According to FAO, food waste is estimated to contribute 3.3 Gt of CO2 equivalent in climate change and mitigation measures are required to reverse this trend.
The Inter-Governmental Panel on Climate Change (IPCC) has identified the mitigation potential of food losses and waste to be 0.6-6.0 Gt CO2 eq per year of GHG emission savings in 2050.
Lawyer Lydia Omuko, an environmental expert says there’s a high rate of food wastage in Africa yet the continent has a very high rate of poverty and undernourishment.
“The difference with the food wastage in developed countries is that in developed countries, it occurs at the consumer level while in developing countries, Kenya included, it occurs earlier in supply chain, especially during processing and transportation,” she notes.
Food waste in Africa blamed on poor food transportation, processing, storage and cooling
Ms Omuko said Africa and Kenya’s food wastage has been attributed to, firstly inadequate infrastructure for food transportation, processing, storage and cooling, which accounts for approximately 40 percent of food wastage.
“Secondly, the “European Cosmetic Standards” accounts for approximately 15 – 30 percent of food wastage, mainly from vegetables and fruits. The fruits and vegetables are usually rejected by European supermarkets for being the wrong size, shape or simply for not being attractive,” she adds.
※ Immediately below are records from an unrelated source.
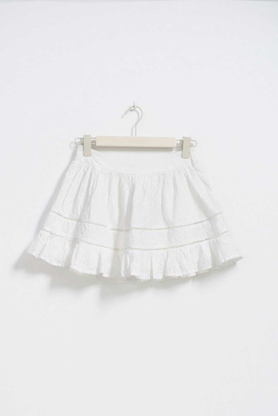 Embroidered skirt with high waist. The skirt is white, short and fully lined. It has structured material, woven quality, smocking at the waist and frill at the bottom.
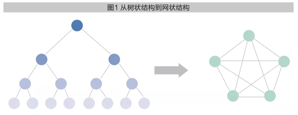 随着社交网络的出现,进一步推动人与人之间形成了一种网状结构(见图1)。点到点(P2P,Peerto Peer)等技术手段,更使得在网络空间(Cyber Space)中人与人之间更加平等。随着网络人群的不断扩大,人类社会结构也开始不断演化,表现出两个效应:
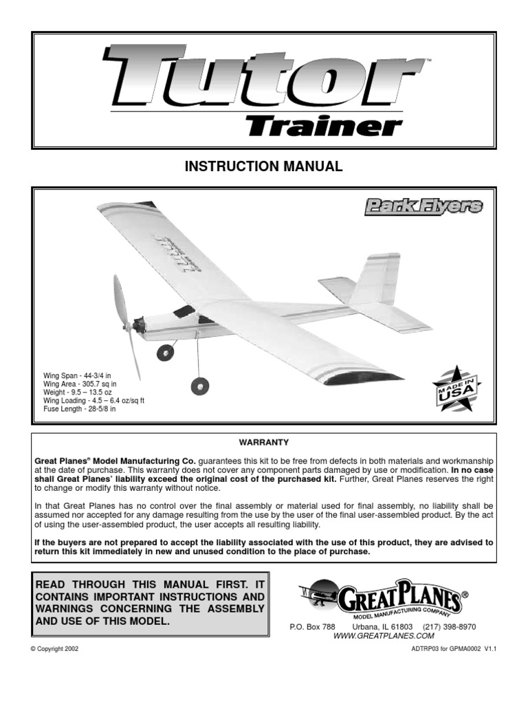 extend the flight time by several minutes, especially if you fly After you have trimmed the Tutor for flight and have become
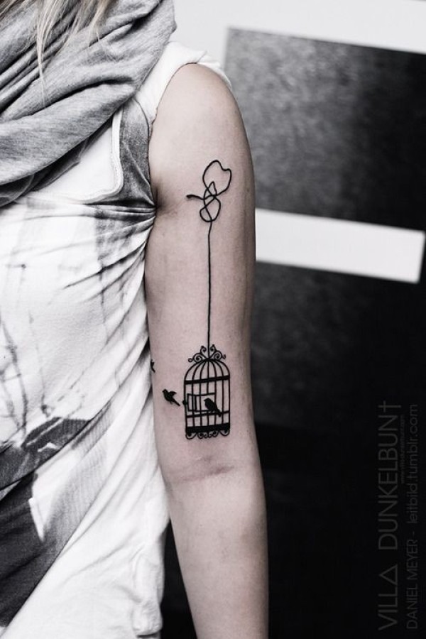 肩部黑色墨水简单鸟笼纹身图案

Ms Omuko concedes that indeed, food wastage is a big contributor to global greenhouse gas emissions.
“In 2013, FAO released a report that if food waste were a country, it would be the third largest carbon emitter in the world after the US and China,” she says.
According to the report, food wastage is the largest source of global greenhouse gas emissions after China and the USA.
Considering the amount of food wasted in Kenya and Africa in general, its contribution to the continent’s emission is relatively high.
Mitigation measures need to be put in place
Ms Omuko says there are many examples of mitigation measures that need to be put in place.
She gave the example of a horticultural company called Vegpro Limited in Kenya which had come up with measures to deal with food wastage.
“After the fresh produce and flowers for export are produced, wastes such as spent vegetables, vegetable out grades, rose rejects and farm produced “green crops” that are left are decomposed and used as fertilizer for the farm,” she revealed.
In addition to using them as fertilizer, the company is using the horticultural waste for producing biogas. The company has set up a biogas plant within its Gorge farm.
The plant is fed with approximately 120 tonnes of organic waste, not just from its own farms but also from farms nearby. The plant is expected to add 2.4 MW of electricity to the national grid.
“Considering that the food wastage in Kenya and Africa in general occurs at the early stages in the food supply chain, food redistribution would reduce the food wastage. This basically means taking unused, edible food that has been rejected by the “cosmetic markets” and redistributing to the people who need it,” she added.
Ms Omuko said this will require improved infrastructure specifically a good transportation and storage system to enable redistribute the food to the readily available market.
“The other obvious thing to do would be to use the wasted vegetables to feed animals,” she observed.